About ducking time! Apple's autocorrect feature is getting a HUGE upgrade in iOS 17 – and it means your iPhone will be able to learn your favourite swear words There is nothing like an irritating autocorrect to undermine the impact of a strongly worded message.
But the days of the prudish iPhone swapping out swear words in messages could soon be a thing of the past, thanks to an update featured in the iOS 17 upgrade.
The update will keep Apple's autocorrect feature from correcting one of the English language's favoured expletives to 'ducking.'
'In those moments where you just want to type a ducking word, well, the keyboard will learn it, too,' said Craig Federighi, Apple's software chief, at the Worldwide Developers Conference last night.
The iPhone keyboard autocorrect feature has always had its quirks, with its substituted words prone to changing the meaning of a particular sentence.
Such mistakes generally produce follow-up texts along the lines of 'damn autocorrect!'
But the 'ducking' instead of 'f***ing' substitution is a long-standing source of both mirth and frustration.
Thankfully, in iOS 17, the feature is receiving a 'comprehensive update'.
In a post in its newsroom, Apple explained: 'Autocorrect receives a comprehensive update with a transformer language model, a state-of-the-art on-device machine learning language model for word prediction — improving the experience and accuracy for users every time they type.
It also receives a refreshed design to better support typing, and sentence-level autocorrections can fix more types of grammatical mistakes.'
In iOS 17, users will receive predictive text recommendations inline as they type.
This means adding entire words or completing sentences will be as easy as tapping the space bar, therefore making text entry faster than ever.
While the software update will not be released until September, the news about the autocorrect changes is being welcomed by iPhone users, including one who called it 'ducking marvellous'.
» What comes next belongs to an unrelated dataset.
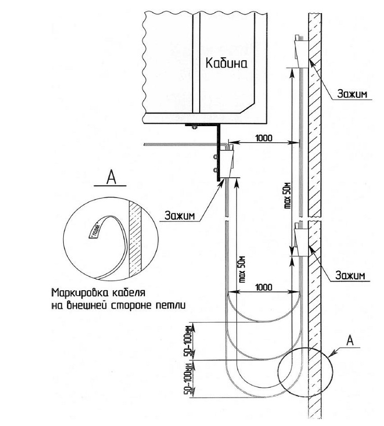 Как правило, устанавливают по 2-3 зажима в одну лифтовую шахту в зависимости от высоты шахты (см. инструкцию):

Another wrote: 'About ducking time cos the amount of ducks I've typed and it doesn't ducking spell it right.'
One user added: 'Good, because, until now the only real corrective has been to add your favorite profanities as individual entries in your address book, which is… not great.'
And one joked: 'iPhone autocorrect will now learn the F-word. Duck yeah.'
Aside from the changes to autocorrect, Apple is also making a small but mighty change to Siri - users can drop the 'Hey' and only need to say 'Siri' to activate the virtual assistant.
The operating system will also see new apps geared toward your physical and mental health, along with personalised posters of a user that shows their photo or emoji to a call recipient.
A live voicemail feature also transcribes messages directly on the display, allowing you to ignore or answer the call.